第二のブレークスルーは、2026年6月に『Physical Review X』誌で発表された。量子重ね合わせ状態、しばしば「シュレーディンガーの猫」状態と呼ばれるものは、通常、古典的な軌道に最も近い量子アナログである「コヒーレント状態」の波束から組み立てられる。しかし、オックスフォードのチームは異なる問いを立てた。「重ね合わせの各部分自体が、本質的に非古典的だったらどうなるか?」
研究チームは、単一の捕捉イオンの運動を利用し、重なり合う二つの構成要素自体が「スクイーズド状態」であるような重ね合わせ状態を構築した。スクイーズド状態とは、不確定性が既に直感に反する形で再分配されている量子状態のことだ。イオンの状態を高精度でプログラムすることで、彼らはこれまで実現不可能だった複雑で非対称な猫状態を彫刻のように作り上げることに成功した 。
この手法は、物理学者に猫状態の「形状」と特性に対するプログラム可能な制御をもたらす。従来の猫状態では、量子もつれの不確かさの分布は両方の枝で同一に見えるが、今回の状態ではそれが異なっている。これにより、より豊かな干渉構造が生まれ、量子エラー訂正や量子力学の基礎的な検証に活用できる可能性がある 。
なぜ重要なのか。 量子エラー訂正は、ノイズに対して堅牢な状態に情報を符号化することに依存している。スクイーズド状態のような非古典的な構成要素から猫状態を生成することは、本質的により高い耐障害性を持つ論理量子ビットの実現につながる可能性を秘めている。この研究はまた、量子から古典への移行(デコヒーレンス)に関する根源的な問いを探求するための、より鋭敏な実験の場を提供するものでもある 。
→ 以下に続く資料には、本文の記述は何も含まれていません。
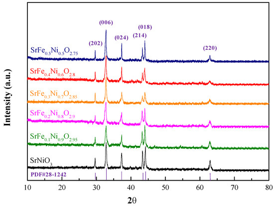 Further refined characterization of SrFexNi1−xO3−δ materials is conducted by XRD analysis in Figure 12. All the XRD diffraction peaks emerging at 29.6°, 32.8°, 37.3°, 44.1°, 43.4°, and 62.9° are sharp and intensive, certifying the brilliant crystallinity of SrFexNi1−xO3−δ materials. Above all, XRD patterns are featured with pure perovskite-type SrNiO3 (PDF#28-1242) and the doping of Fe element does not change the single perovskite phase [43,44], which agrees with the FT-IR and Raman analysis. No diffraction peaks of Fe2O3, Fe3O4, NiO, SrO or other impurities can be observed in the XRD patterns, demonstrating that Fe element is successfully doped into the crystal lattice of perovskite-type structure [45]. According to the results of analysis software (Jade 6.5), the average crystallite sizes are in the range of 432–485 nm for the SrFexNi1−xO3−δ materials. Moreover, the FWHM (full width at half maximum) value for the XRD patterns of SrFexNi1−xO3−δ materials is calculated as 0.332 at the sharpest XRD peak (2θ = 32.8°), which is located in the range (0.1–0.5) of the common crystal material (α-quartz, mica, corundum, diamond, et al.).

これら二つのブレークスルーは、共通の舞台の上で達成された。それは、高周波電場によってほぼ静止状態に保持された単一の捕捉イオン(おそらくカルシウムまたはストロンチウムの同位体)である。捕捉イオンは、量子ビットとして機能する内部電子状態と、レーザー冷却によって量子力学的な基底状態まで冷却できる運動モードという、二つの異なる性質の量子システムを兼ね備えている。この二面性が、捕捉イオンを複雑な量子状態の生成と解析のための理想的なプラットフォームにしている 。
そして重要なのは、オックスフォードイオントラップグループが何年にもわたってこの基盤技術を磨き上げてきたことだ。2025年6月、同グループは単一量子ビットゲートの忠実度において世界記録を樹立。その誤り率はわずか0.000015%、すなわち670万回の操作に1回の誤りという驚異的な精度を達成していた 。この極限的な制御こそが、2026年の第四高調波スクイージングと猫状態生成の成果を可能にした土台なのである。
第四高調波スクイージングとプログラム可能な猫状態が、明日にでも商用の量子コンピュータに搭載されるわけではない。しかし、これらは量子技術の「工具箱」における、二つの異なる空白を埋めるものである。一つは、センシングと計測のための高次元もつれへの、より高速でクリーンな道筋を提供する。もう一つは、誤り訂正のための情報を整形する新たな方法をもたらす。どちらの成果も、高度に制御された単一のイオンが、量子物理学の最も深淵なルールを探求し、そして応用するための、最も多用途なプラットフォームの一つであり続けていることを示しているのだ。